## EXERCISE DATA
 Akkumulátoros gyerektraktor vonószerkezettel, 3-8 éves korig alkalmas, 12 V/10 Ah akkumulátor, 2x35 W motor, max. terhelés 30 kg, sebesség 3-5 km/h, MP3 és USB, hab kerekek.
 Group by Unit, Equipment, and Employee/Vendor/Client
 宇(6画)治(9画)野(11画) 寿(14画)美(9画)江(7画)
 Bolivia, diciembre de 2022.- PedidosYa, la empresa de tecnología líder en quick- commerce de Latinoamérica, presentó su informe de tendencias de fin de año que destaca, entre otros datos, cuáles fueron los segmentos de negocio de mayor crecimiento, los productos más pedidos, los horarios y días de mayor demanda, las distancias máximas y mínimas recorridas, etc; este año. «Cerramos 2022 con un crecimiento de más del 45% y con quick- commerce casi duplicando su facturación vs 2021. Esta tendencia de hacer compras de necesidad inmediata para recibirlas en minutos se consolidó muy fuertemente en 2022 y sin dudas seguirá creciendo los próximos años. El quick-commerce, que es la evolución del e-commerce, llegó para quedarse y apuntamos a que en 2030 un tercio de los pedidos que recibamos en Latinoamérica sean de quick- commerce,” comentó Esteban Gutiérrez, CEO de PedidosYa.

--

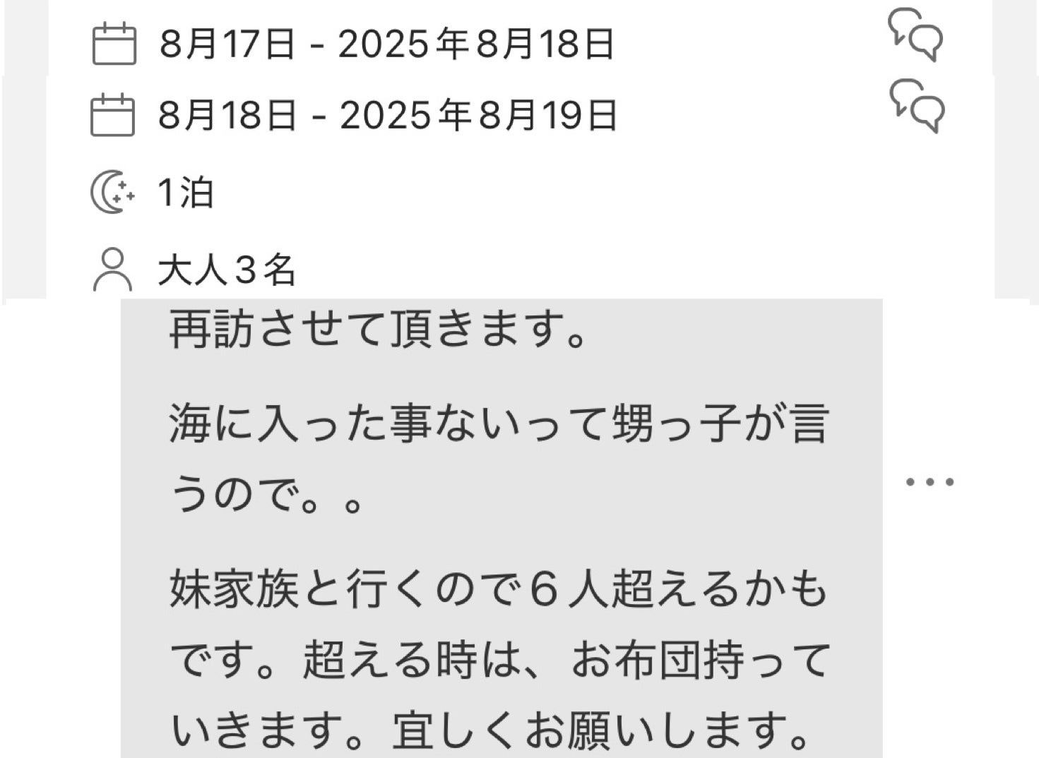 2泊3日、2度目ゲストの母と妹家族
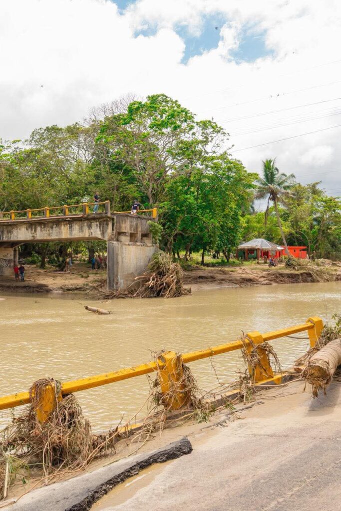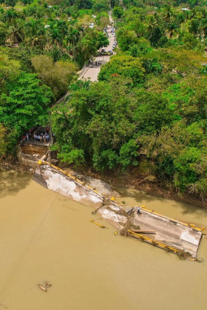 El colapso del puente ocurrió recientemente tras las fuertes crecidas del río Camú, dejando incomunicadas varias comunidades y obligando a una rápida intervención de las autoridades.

--

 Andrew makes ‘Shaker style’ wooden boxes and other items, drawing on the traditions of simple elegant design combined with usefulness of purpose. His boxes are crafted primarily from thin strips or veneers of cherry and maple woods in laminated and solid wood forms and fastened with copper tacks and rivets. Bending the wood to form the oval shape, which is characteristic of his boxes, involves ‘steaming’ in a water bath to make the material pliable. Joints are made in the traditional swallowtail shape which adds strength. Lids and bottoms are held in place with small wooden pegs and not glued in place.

## WHAT IS REQUIRED
Only one stretch of the entries above is wanted: the lines from the one containing "Akkumulátoros gyerektraktor vonószerkezettel, 3-8" through the one containing "宇(6画)治(9画)野(11画) 寿(14画)美(9画)江(7画)". Please reproduce it exactly.

## ANSWER TO THIS PROBLEM
 Akkumulátoros gyerektraktor vonószerkezettel, 3-8 éves korig alkalmas, 12 V/10 Ah akkumulátor, 2x35 W motor, max. terhelés 30 kg, sebesség 3-5 km/h, MP3 és USB, hab kerekek.
 Group by Unit, Equipment, and Employee/Vendor/Client
 宇(6画)治(9画)野(11画) 寿(14画)美(9画)江(7画)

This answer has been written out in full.